We are interested in studying empirically relevant measures of task and machine heterogeneity to assess the heterogeneity quadrant concept and whether it is achieved.
First, we want to generate uniform cost matrices for which we have a clear and intuitive control over those heterogeneities.
Then, we want a set of measures to see which ones are the most relevant.
Then, we will test whether previous works that uses the original range-based method from Ali provides distinct values for those measures and whether the heterogeneity quadrant is achieved.
generate_uniform_matrix <- function(n, m, mean, cv_task, cv_mach) {
rgamma_cost <- function(n, mean, sigma) {
if (mean == 0 || sigma == 0)
return(rep(mean, n))
shape <- mean^2/sigma^2
rate <- mean/sigma^2
return(rgamma(n, shape, rate))
}
task <- rgamma_cost(n, mean, cv_task * mean)
machine <- rgamma_cost(m, mean, cv_mach * mean)
return(create_matrix(task, machine))
}
(lolo <- generate_uniform_matrix(9, 7, 1, 0.1, 0.1))

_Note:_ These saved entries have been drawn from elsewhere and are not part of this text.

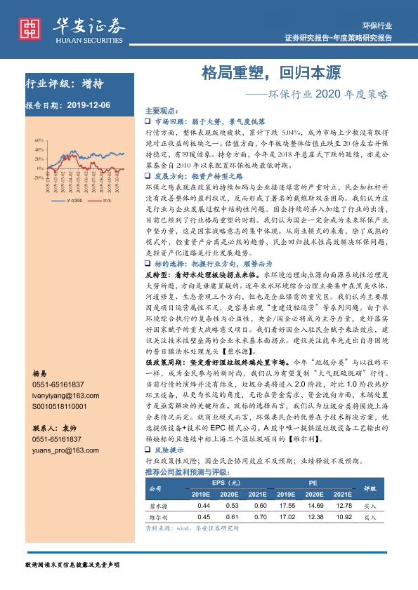 【华安证券】【20191206】环保行业2020年度策略:格局重塑,回归本源-23页
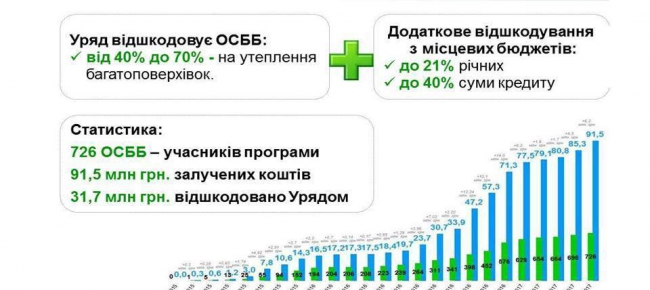 Загалом, станом на сьогодні 726 ОСББ стали учасниками Урядової програми «теплих» кредитів. Разом вони залучили 91,5 млн грн на утеплення житла.
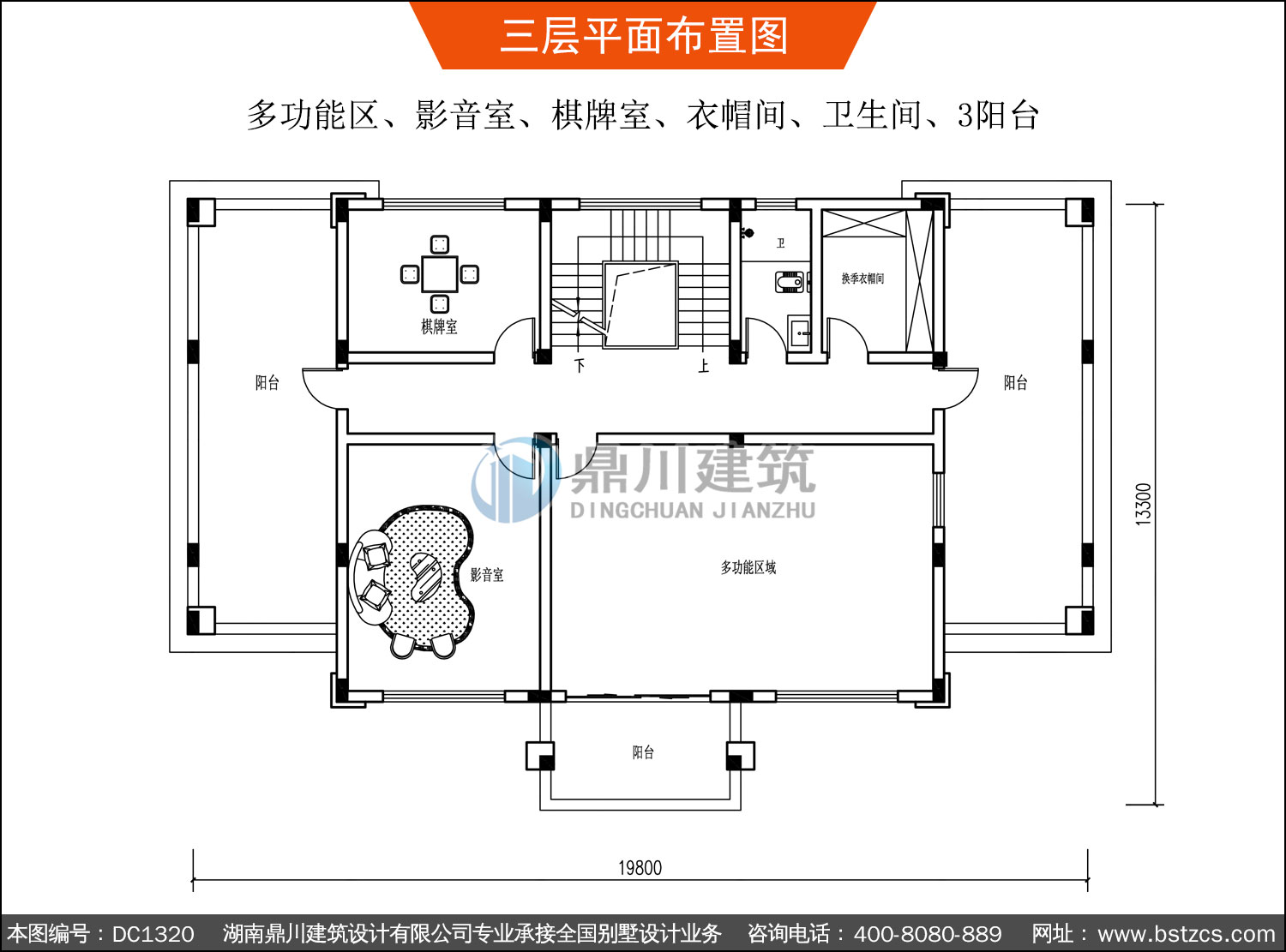 | 三 層: | 多功能區、影音室、棋牌室、衣帽間、衛生間、3陽臺 | |||

## [,1] [,2] [,3] [,4] [,5] [,6] [,7]
## [1,] 1.0315 1.0507 1.0860 1.1143 1.0215 1.2134 1.1870
## [2,] 0.8827 0.8992 0.9294 0.9536 0.8742 1.0384 1.0158
## [3,] 0.8375 0.8531 0.8818 0.9047 0.8294 0.9852 0.9637
## [4,] 0.9506 0.9684 1.0009 1.0270 0.9414 1.1183 1.0939
## [5,] 0.7769 0.7914 0.8180 0.8393 0.7694 0.9139 0.8940
## [6,] 0.9574 0.9753 1.0081 1.0343 0.9482 1.1263 1.1018
## [7,] 0.9811 0.9994 1.0330 1.0599 0.9716 1.1541 1.1290
## [8,] 0.9657 0.9837 1.0168 1.0433 0.9564 1.1361 1.1113
## [9,] 0.8846 0.9011 0.9314 0.9556 0.8760 1.0406 1.0180
(lohi <- generate_uniform_matrix(9, 7, 1, 0.1, 1))
## [,1] [,2] [,3] [,4] [,5] [,6] [,7]
## [1,] 0.4681 0.1592 0.9164 0.2639 1.721 1.2905 0.4251
## [2,] 0.4620 0.1571 0.9045 0.2605 1.698 1.2736 0.4195
## [3,] 0.4310 0.1466 0.8438 0.2430 1.584 1.1882 0.3914
## [4,] 0.3467 0.1179 0.6788 0.1955 1.274 0.9559 0.3149
## [5,] 0.4497 0.1529 0.8803 0.2535 1.653 1.2396 0.4083
## [6,] 0.4756 0.1617 0.9312 0.2682 1.748 1.3112 0.4319
## [7,] 0.3987 0.1356 0.7805 0.2248 1.465 1.0991 0.3620
## [8,] 0.4075 0.1386 0.7978 0.2298 1.498 1.1235 0.3701
## [9,] 0.4178 0.1421 0.8178 0.2355 1.536 1.1516 0.3794
(hihi <- generate_uniform_matrix(9, 7, 1, 1, 1))
## [,1] [,2] [,3] [,4] [,5] [,6] [,7]
## [1,] 0.06333 0.09308 0.10922 0.09739 0.02601 0.5745 0.7433
## [2,] 0.26613 0.39116 0.45897 0.40927 0.10929 2.4142 3.1233
## [3,] 0.03606 0.05300 0.06219 0.05545 0.01481 0.3271 0.4232
## [4,] 1.03162 1.51630 1.77919 1.58651 0.42364 9.3586 12.1075
## [5,] 0.22503 0.33075 0.38810 0.34607 0.09241 2.0414 2.6410
## [6,] 0.04409 0.06480 0.07604 0.06780 0.01811 0.4000 0.5174
## [7,] 0.02624 0.03857 0.04526 0.04035 0.01078 0.2380 0.3080
## [8,] 0.55541 0.81635 0.95789 0.85415 0.22808 5.0385 6.5185
## [9,] 0.78949 1.16041 1.36160 1.21414 0.32421 7.1621 9.2658
OK, now we have a way to generate matrices that correspond exactly to the intuition behind the heterogeneity quadrant.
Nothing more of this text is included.